Metadata-Version: 2.4
Name: contradish
Version: 0.5.1
Summary: CAI testing for LLM apps. Consistency scoring, failure fingerprinting, integration exporters (Langfuse, Phoenix), audit export, regression gating, and prompt repair.
Project-URL: Homepage, https://contradish.com
Project-URL: Repository, https://github.com/michelejoseph/contradish
Project-URL: Issues, https://github.com/michelejoseph/contradish/issues
License: MIT
License-File: LICENSE
Keywords: agents,ai,arize,audit,cai,compliance,consistency,ecommerce,eu-ai-act,evaluation,fingerprinting,firewall,healthcare,hr,langfuse,legal,llm,nist,phoenix,policy,prompt-engineering,rag,regression,testing
Classifier: Development Status :: 3 - Alpha
Classifier: Intended Audience :: Developers
Classifier: License :: OSI Approved :: MIT License
Classifier: Programming Language :: Python :: 3
Classifier: Programming Language :: Python :: 3.9
Classifier: Programming Language :: Python :: 3.10
Classifier: Programming Language :: Python :: 3.11
Classifier: Programming Language :: Python :: 3.12
Classifier: Topic :: Scientific/Engineering :: Artificial Intelligence
Classifier: Topic :: Software Development :: Testing
Requires-Python: >=3.9
Provides-Extra: all
Requires-Dist: anthropic>=0.25.0; extra == 'all'
Requires-Dist: openai>=1.0.0; extra == 'all'
Provides-Extra: anthropic
Requires-Dist: anthropic>=0.25.0; extra == 'anthropic'
Provides-Extra: dev
Requires-Dist: anthropic>=0.25.0; extra == 'dev'
Requires-Dist: openai>=1.0.0; extra == 'dev'
Requires-Dist: pytest-mock; extra == 'dev'
Requires-Dist: pytest>=7.0; extra == 'dev'
Provides-Extra: openai
Requires-Dist: openai>=1.0.0; extra == 'openai'
Description-Content-Type: text/markdown

# contradish

CAI testing for LLM applications.

A CAI failure is when your app says "refunds within 30 days" to one phrasing and "we can work something out" to a slightly different one. Same policy, same session, opposite answers. Contradish finds these, scores them, and gives you the tools to fix them before users do.

```
pip install contradish
```

---

## What it does

**Offline testing.** Run before deploy. Contradish generates adversarial paraphrases of your test inputs, sends them all to your app, and scores consistency across responses.
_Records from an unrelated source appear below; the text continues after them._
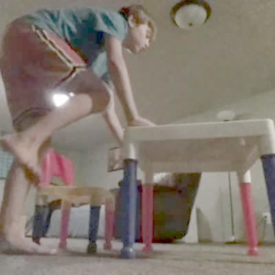 A woman rolls on top of a table and it collapses underneath her in a living room.
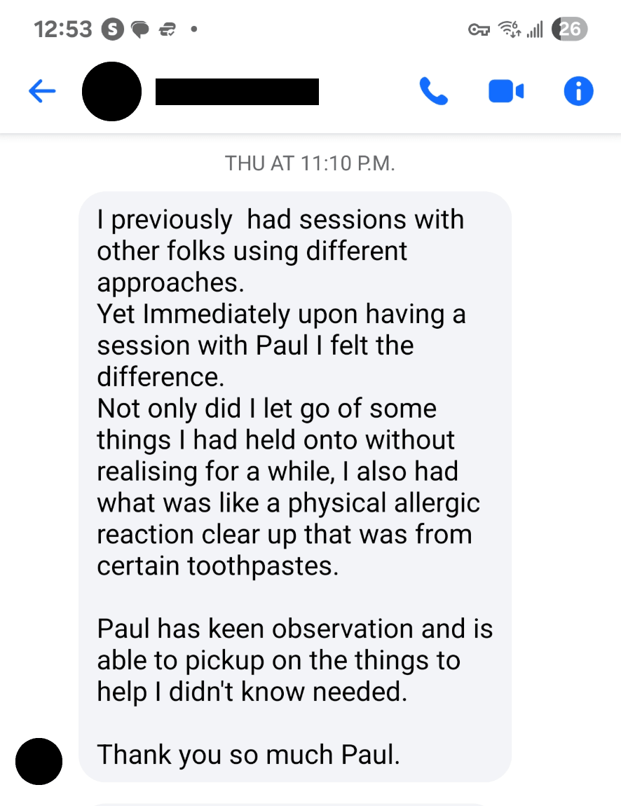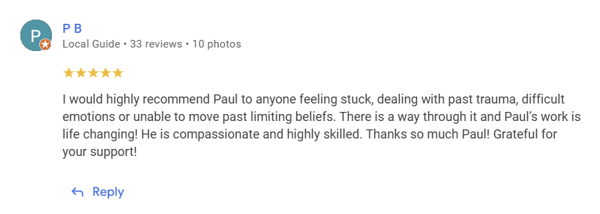 “I worked with Paul to deal with a difficult moment in my life which was the result of an accumulation of lifetime conditioning and some trauma. Anxiety and depression were issues that paralyzed me and I knew I needed help coming through to the other side. Paul was very confident and gifted in his unique approach and my sessions with him were quite revealing and even enjoyable. I believe to have had a good result with the techniques he uses and have seen a lovely improvement. I would recommend Paul to those seeking an unconventional form of help that might aid in making significant breakthroughs.”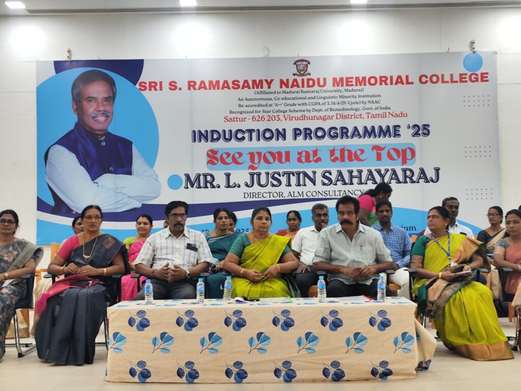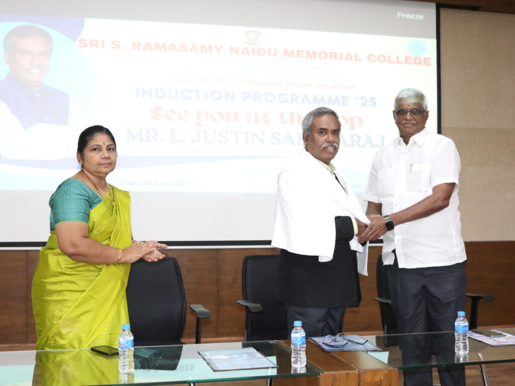 Sri S. Ramasamy Naidu Memorial College, Sattur, organised the Student Induction Programme ‘25 on 18th June 2025 to welcome the newly admitted first-year students of the academic year 2025–2026. The programme was aimed at familiarising the students with the institutional ethos, academic framework, support systems, and campus facilities while inspiring them to embark on their higher education journey with confidence and purpose.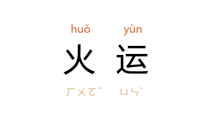 引南朝 梁 沉约 《梁鼓吹曲·木纪谢》:“木纪谢,火运昌,炳南陆,耀炎光。”《陈书·高祖纪下》:“梁氏 将末,频月亢阳,火运斯终,秋霖奄降。”宋 王谠 《唐语林·补遗一》:“唐 承 隋 代火运,故为土德。”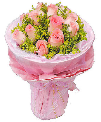 商品簡介:粉玫瑰11枝 黃鶯 商品包裝:粉色皺紋紙及粉色風紗圓形包裝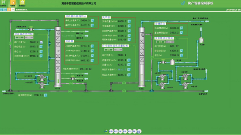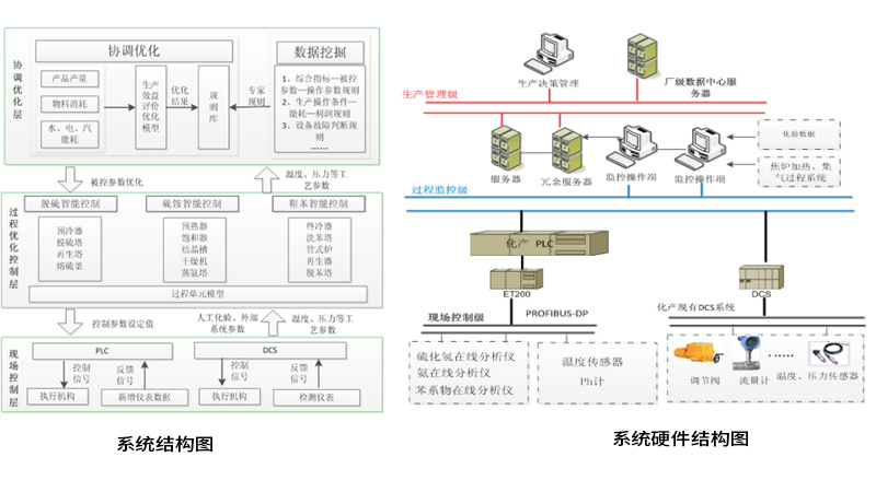 本系統(tǒng)從焦化一體化智能控制平臺出發(fā),主要包含脫硫子 系統(tǒng)、硫銨與蒸氨子系統(tǒng)、粗苯子系統(tǒng)及底層設(shè)備控制子系統(tǒng), 對關(guān)鍵參數(shù)進(jìn)行智能預(yù)測與控制,對底層設(shè)備進(jìn)行聯(lián)鎖操作與 狀態(tài)診斷,通過協(xié)調(diào)優(yōu)化,實(shí)現(xiàn)底層設(shè)備自動控制、過程環(huán)節(jié) 穩(wěn)定控制、上層管理協(xié)調(diào)優(yōu)化,達(dá)到優(yōu)化生產(chǎn)過程、降低成本、提高管理水平的目的。
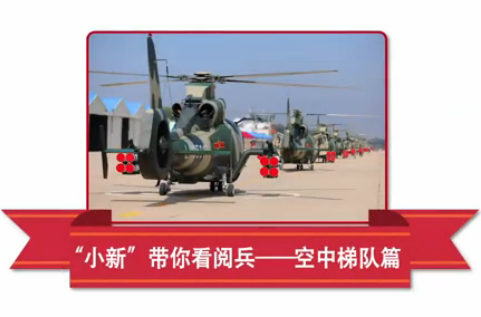 方隊(duì)由26架直升機(jī)和7架教練機(jī)組成。國(guó)旗和軍旗分別由1架直升機(jī)在正下方懸掛、由2架直升機(jī)護(hù)衛(wèi),組成兩組三機(jī)梯隊(duì),呈品字形依次通過(guò)。緊隨其后的是由20架直升機(jī)組成“70”字樣,寓意中華民族以抗戰(zhàn)勝利為起點(diǎn)走向偉大復(fù)興的征程。這是我國(guó)在閱兵中首次采用紀(jì)念數(shù)字的編隊(duì)飛行。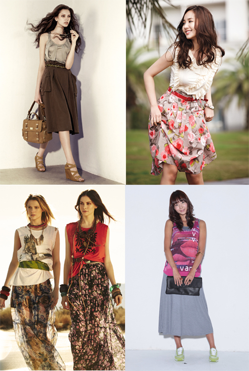 그밖에 내추럴하면서 에스닉한 무드로 매혹시키려면, 옷장에서 방금 꺼내 입은 듯한 민소매 티셔츠에 끝이 보이지 않는 긴 맥시스커트를 더하면, 개성은 덧붙여지고, 여성스러움은 그대로 가져갈 수 있다.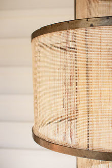 ROUND DOUBLE LAYERED WOVEN FIBER AND METAL PENDANT LIGHT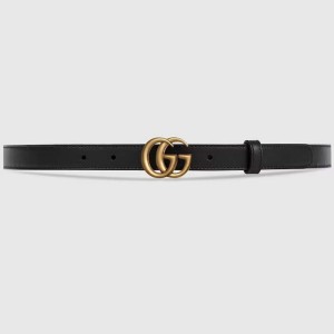 Gucci Unisex GG Leather Belt Double G Buckle Black Leather 2 CM Width

**Regression gating.** Compare baseline vs candidate on the same test suite. Block merges if the CAI score drops below your threshold.

**Production monitoring.** Wrap your live app with the Firewall. It checks each response against recent ones and flags (or blocks) contradictions in real time.

**Prompt repair.** Failing tests? Contradish generates 3 improved prompt variants, tests each one, and ranks them by CAI score.

**Failure fingerprinting.** Groups failures by root cause. Tells you it's numeric drift, not just "3 failures."

**Integration exporters.** Push results into Langfuse or Phoenix. Feeds your stack, doesn't replace it.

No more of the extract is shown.